Collected data →
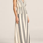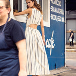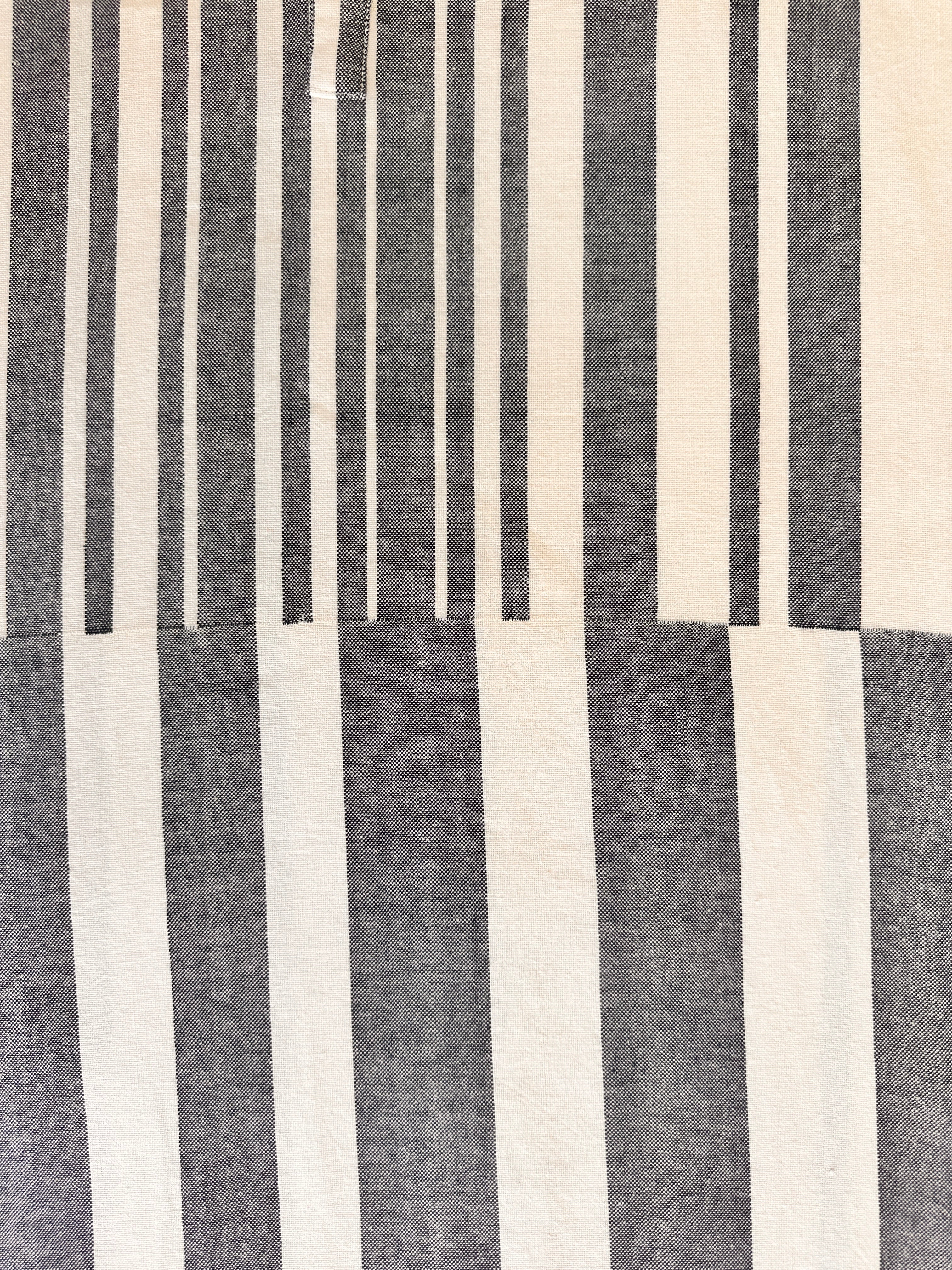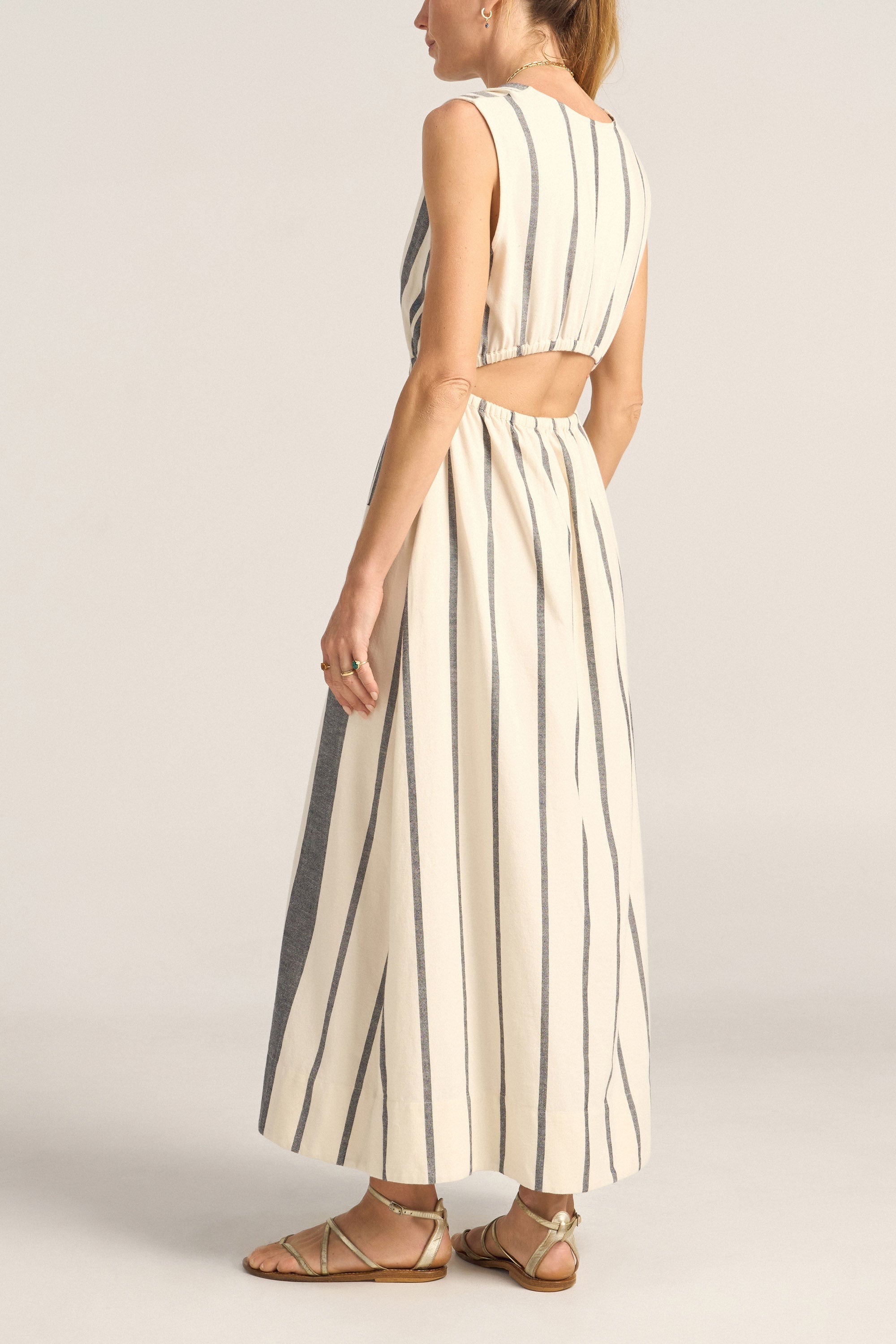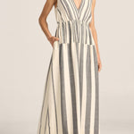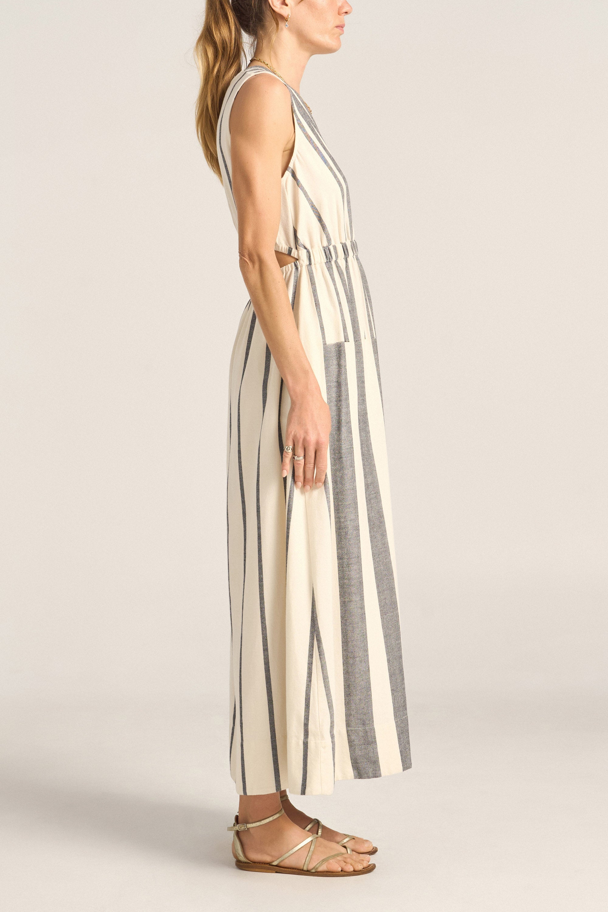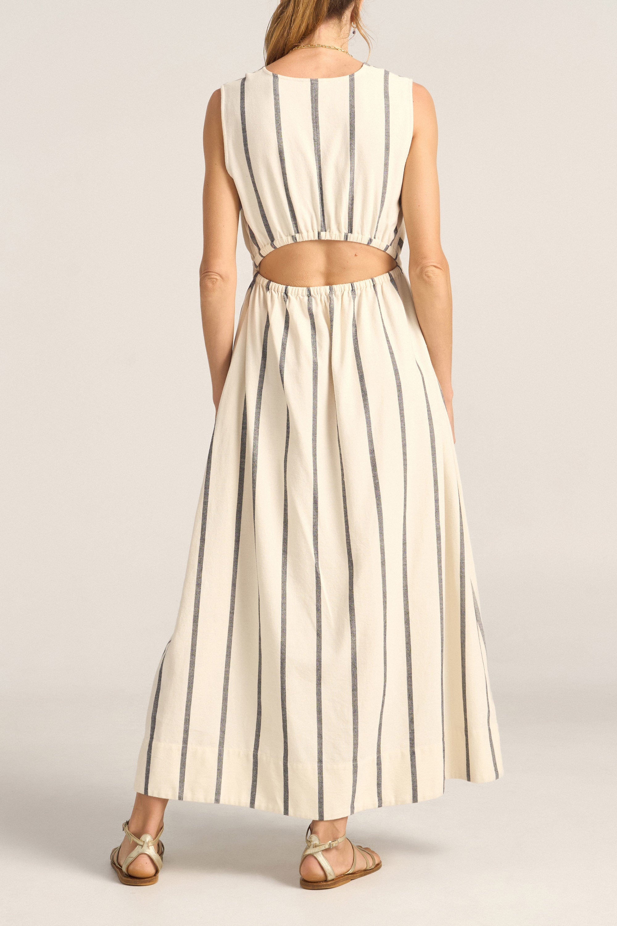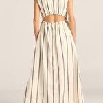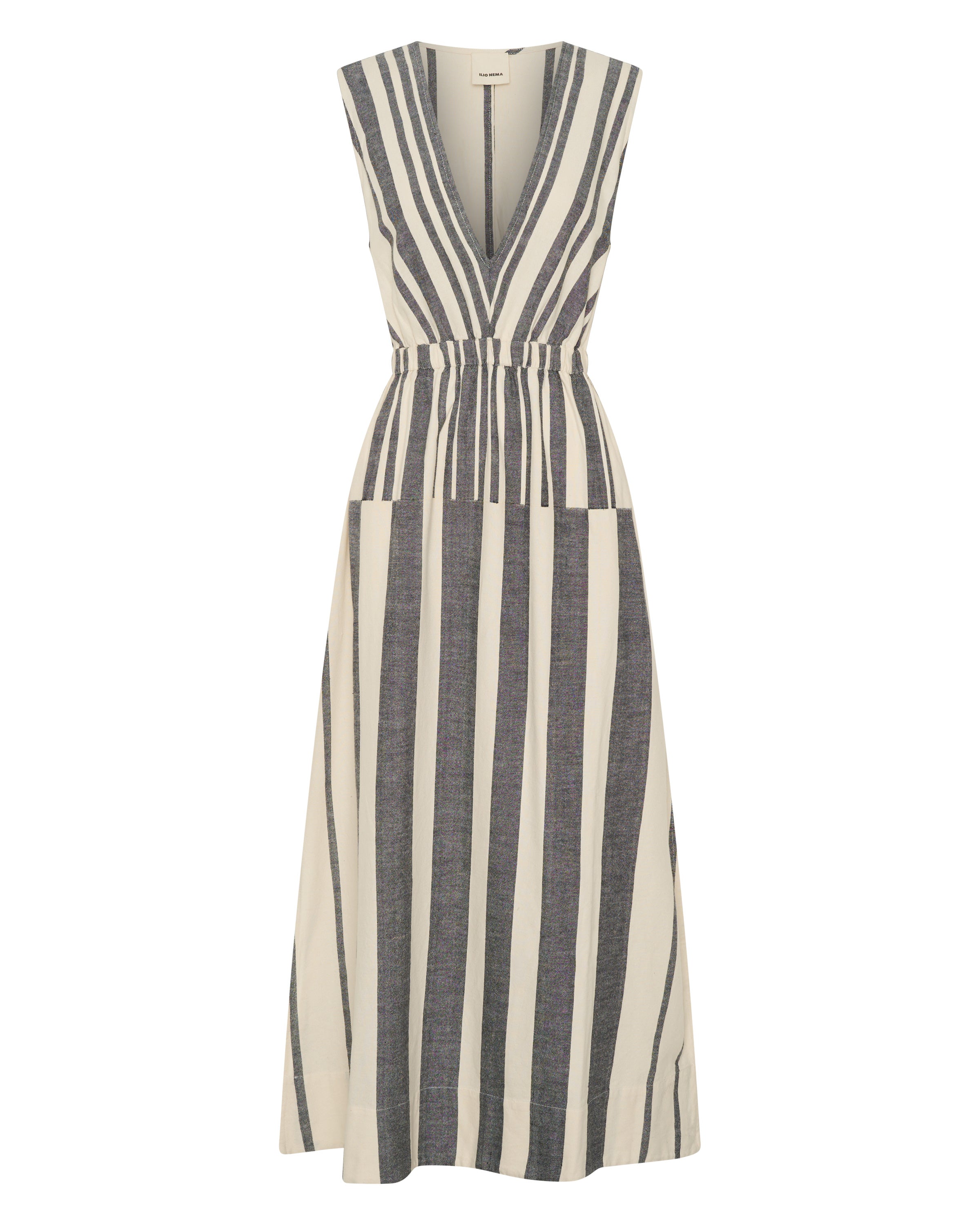 The Eirene Dress is a classic silhouette with a feminine edge. Crafted in our signature black and white broken stripe, it is a true labour of love—meticulously woven one thread at a time, by our artisans in India on traditional handlooms, each piece takes days to complete. This sleeveless style features a flattering V-neckline, an elasticated waistband that softly cinches the body, and a peek-a-boo detail at the back waist for a touch of skin. Long length, the flowy skirt features side pockets and side slits to allow for ease and movement, making this dress a perfect piece for warm, sun-filled days. A celebration of craftsmanship and slow fashion for modern life.
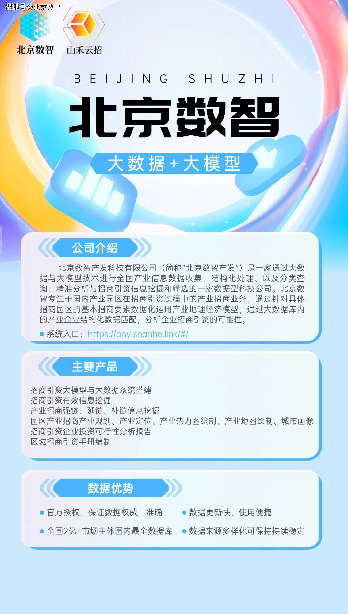 :代招商公司凡是曾经建立了完美的招商系统和办理平台,高效完成方针。还需要强大的数据阐发和市场洞察力。保守的做法是通过自建团队来完成这项使命,数智产发科技无限公司(简称“数智产发”)是一家通过大数据取大模子手艺进行全国财产消息数据收集、布局化处置、以及分类查询、精准阐发取招商引资消息挖掘和筛选的一家数据型科技公司。
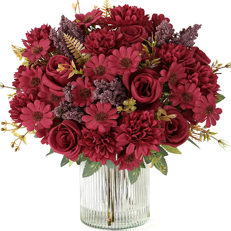 2Pcs 13in/33cm Artificial Flowers Like Real Artificial Bouquet Silk Artificial Roses Bouquet with Daisy Chrysanthemum Pink Flowers for Centerpiece Table Wedding Party Home Decor(red)
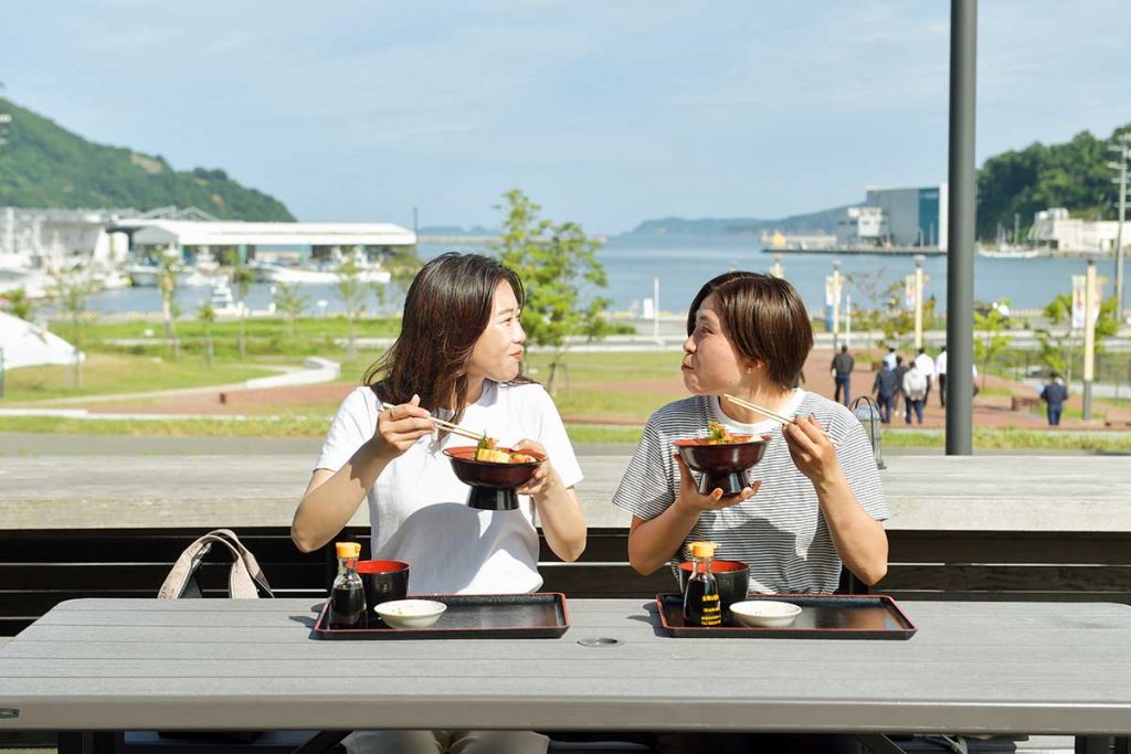 晴れた日には女川港を見ながら食べられるテラスが人気ですよ。

Exercise requirements → Retype the whole listing, keeping every line identical and omitting all pictures.

Solution for this problem →
 The Eirene Dress is a classic silhouette with a feminine edge. Crafted in our signature black and white broken stripe, it is a true labour of love—meticulously woven one thread at a time, by our artisans in India on traditional handlooms, each piece takes days to complete. This sleeveless style features a flattering V-neckline, an elasticated waistband that softly cinches the body, and a peek-a-boo detail at the back waist for a touch of skin. Long length, the flowy skirt features side pockets and side slits to allow for ease and movement, making this dress a perfect piece for warm, sun-filled days. A celebration of craftsmanship and slow fashion for modern life.
 :代招商公司凡是曾经建立了完美的招商系统和办理平台,高效完成方针。还需要强大的数据阐发和市场洞察力。保守的做法是通过自建团队来完成这项使命,数智产发科技无限公司(简称“数智产发”)是一家通过大数据取大模子手艺进行全国财产消息数据收集、布局化处置、以及分类查询、精准阐发取招商引资消息挖掘和筛选的一家数据型科技公司。
 2Pcs 13in/33cm Artificial Flowers Like Real Artificial Bouquet Silk Artificial Roses Bouquet with Daisy Chrysanthemum Pink Flowers for Centerpiece Table Wedding Party Home Decor(red)
 晴れた日には女川港を見ながら食べられるテラスが人気ですよ。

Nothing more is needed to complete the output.